MCP (Model Context Protocol)

A standard protocol that lets AI models safely connect to and use external tools. Think of it as a universal adapter that lets Claude use web search, databases, email, or custom applications.

See Also: Agent, API

Multimodal

An AI that can work with multiple types of input or output, like text, images, audio, and video all in one system. Multimodal models are more versatile than models that only handle text.

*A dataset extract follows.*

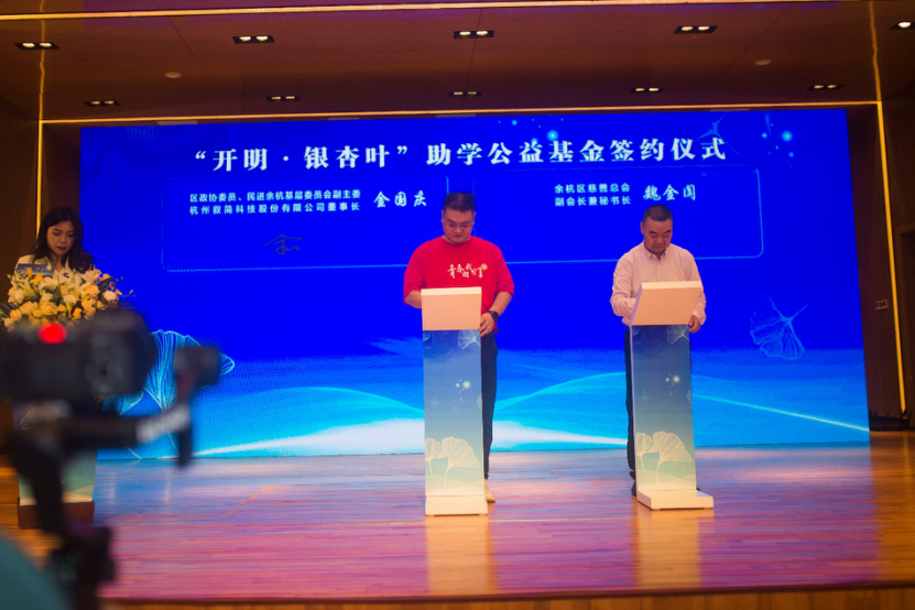 5月29日,由民进余杭区基层委员会主办、杭州叙简科技股份有限公司承办、余杭区慈善总会、余杭区绿产集团、杭州新奇广告公司支持,举办主题为“益”路同行,共富余杭,“开明•银杏叶”社会服务品牌发布暨助学公益基金签约仪式,民进浙江省委会副主委、民进杭州市委会主委、市钱投集团总经理楼秀华,民进浙江省委会社会服务部部长韩依群,民进杭州市委会副主委林沛、张钎、陈月利,余杭区政协副主席斯建刚出席活动,余杭区委统战部、区教育局、区慈善总会等相关领导参加。

See Also: Foundation Model, Computer Vision

MMLU

Massive Multitask Language Understanding. A benchmark test with questions across 57 subjects (science, math, history, etc.). It's often used to measure how knowledgeable an AI is.

See Also: Benchmark, Evaluation

N

Neural Network

A computing system inspired by how brains work. It consists of connected nodes (artificial neurons) organized in layers. Neural networks are the foundation of modern AI.

See Also: Deep Learning, Parameter

NLP (Natural Language Processing)

The field of AI focused on understanding and generating human language. NLP powers everything from chatbots to language translation to text analysis.

See Also: LLM, Transformer

O

OpenAI

An AI research company that created GPT models and ChatGPT. OpenAI is one of the leading organizations advancing large language models.

See Also: ChatGPT, GPT

Orchestration

Coordinating multiple AI systems or steps to solve complex problems. It's like conducting an orchestra—different instruments (different AI tools) play together to create a complete solution.

See Also: Agent, MCP

Overfitting

When an AI learns the training data too well, including its quirks and errors, so it performs poorly on new data. It's like memorizing answers instead of learning concepts.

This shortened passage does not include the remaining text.